= Walk-in (concept) =

New Age concept

A walk-in is a New Age concept of a person whose original soul has departed their body and has been replaced with a new, different, soul. It can also refer to a soul without a human body that enters a body with a soul, with the two souls subsequently sharing that one body. An example of this is the concept of twin flames. If one dies, they may return to share the body alongside their living twin. Ruth Montgomery popularized the concept in her 1979 book Strangers Among Us.

==Beliefs==
Believers maintain that it is possible for the original soul of a human to leave a person's body and for another soul to "walk in". In Montgomery's work, souls are said to "walk in" during a period of intense personal problems on the part of the departing soul, or during or because of an accident or trauma. Some other walk-ins describe their entry as occurring based on prior agreement and when the previous soul was "complete". The walk-in being/individual retains the memories of the original personality, but does not have emotions associated with the memories. As they integrate, they bring their own mental, emotional, spiritual consciousness and evolve the life to resonate with their purpose and intentions. Incarnating into a fully grown body allows the walk-in soul to engage in embodiment without having to go through the two decades of maturation that humans need to reach adulthood. A walk-in soul also does not experience the conditioning of childhood and has a different relationship to life because they were not born.

==In popular culture==
The 1941 film Here Comes Mr. Jordan and the 1978 remake Heaven Can Wait portrays one soul replacing a recently deceased man's soul and reviving to inhabit his body.

The Hawkgirl comics, the K-PAX series of books and film, and the Twilight Zone episode "The Last Rites of Jeff Myrtlebank" have all featured situations similar or identical to walk-in experiences, although the term "walk-in" is not used.

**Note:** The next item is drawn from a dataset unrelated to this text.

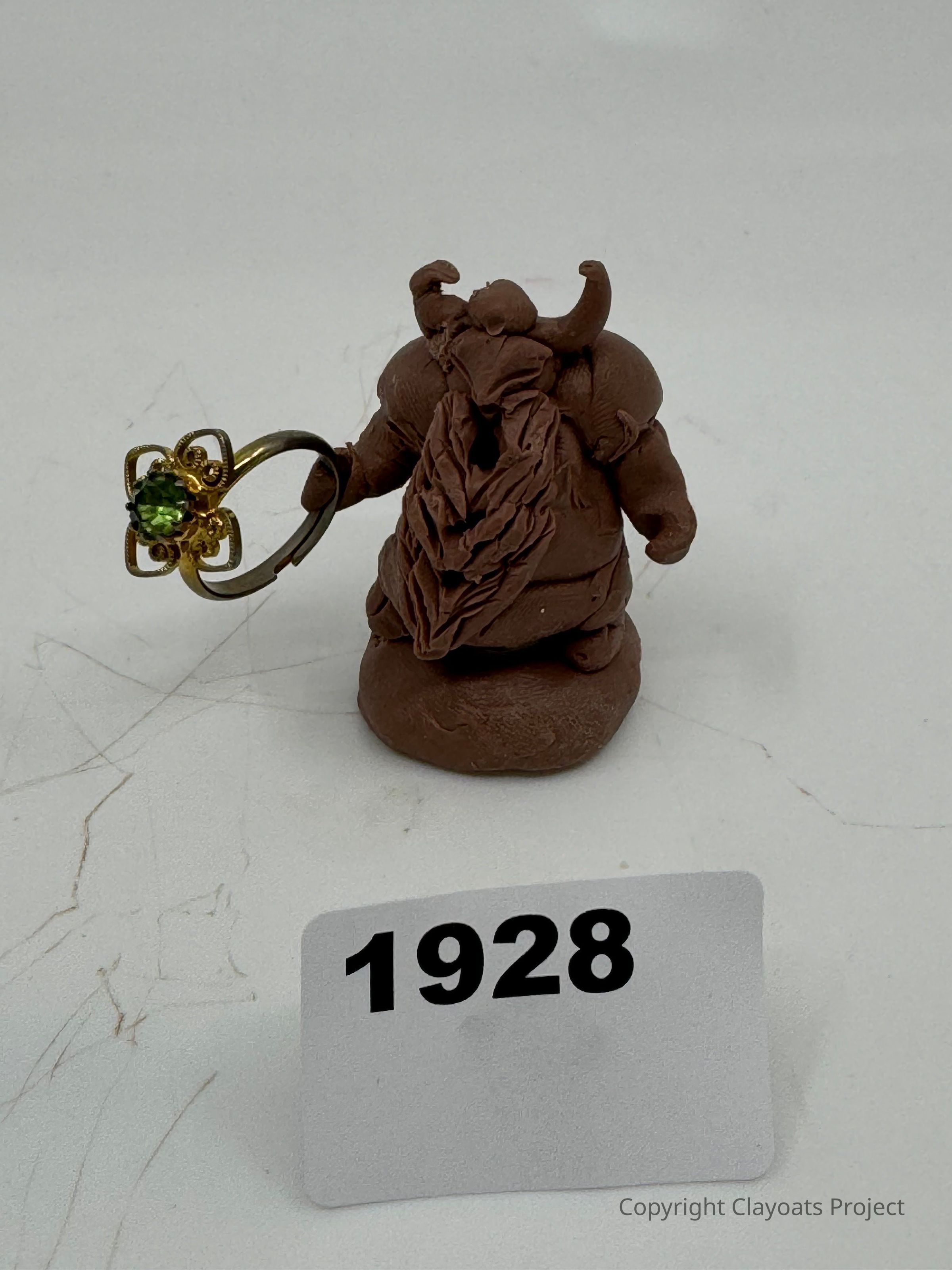 The image displays a small, clay sculpture resembling a figure with horns and intricate details on its back, holding a ring adorned with a green gem set in a decorative, golden band. The sculpture stands on a light surface. The overall scene suggests a mix of artistic creativity and possibly an exhibition or identification context.

In the DC Comics storyline The Death of Superman, four new superheroes appeared following Superman's death. Among them was John Henry Irons, who called himself the "Man of Steel". Irons never claimed to be the real Superman, but Lois Lane speculated that if Superman were really dead, his soul may have moved into Irons' body, mentioning walk-ins explicitly.

The X-Files episode "Red Museum" discusses walk-ins, described by Fox Mulder as enlightened spirits who have taken possession of the bodies of people who have lost hope and who want to leave their life. The concept is revisited in the episodes "Sein Und Zeit" and "Closure".

In the TV series Ghost Whisperer, the season 4 episode "Threshold" used the term "step-in" when the soul of one of the series' main characters, who had died in the previous episode, enters the body of a man who dies in an unrelated accident.

Stephen King speaks of "walk-ins" several times in books 6 and 7 of The Dark Tower novels, but King's walk-ins are usually physical travellers, or - when they possess another's body - are more guests, sharing the body with the original mind as strangers. John Callum mentions them in The Dark Tower VI: Song of Susannah. The term is also used in the CODA section of this book. In The Talisman, cowritten by King, the concept of "Twinners" is presented in a similar manner: Twinners are separate but fundamentally similar individuals that live parallel existences on Earth and in the world of the Territories. If either or both of the pair gain awareness of their Twinner, they can learn to occupy the other's body in their respective worlds in style of a walk-in.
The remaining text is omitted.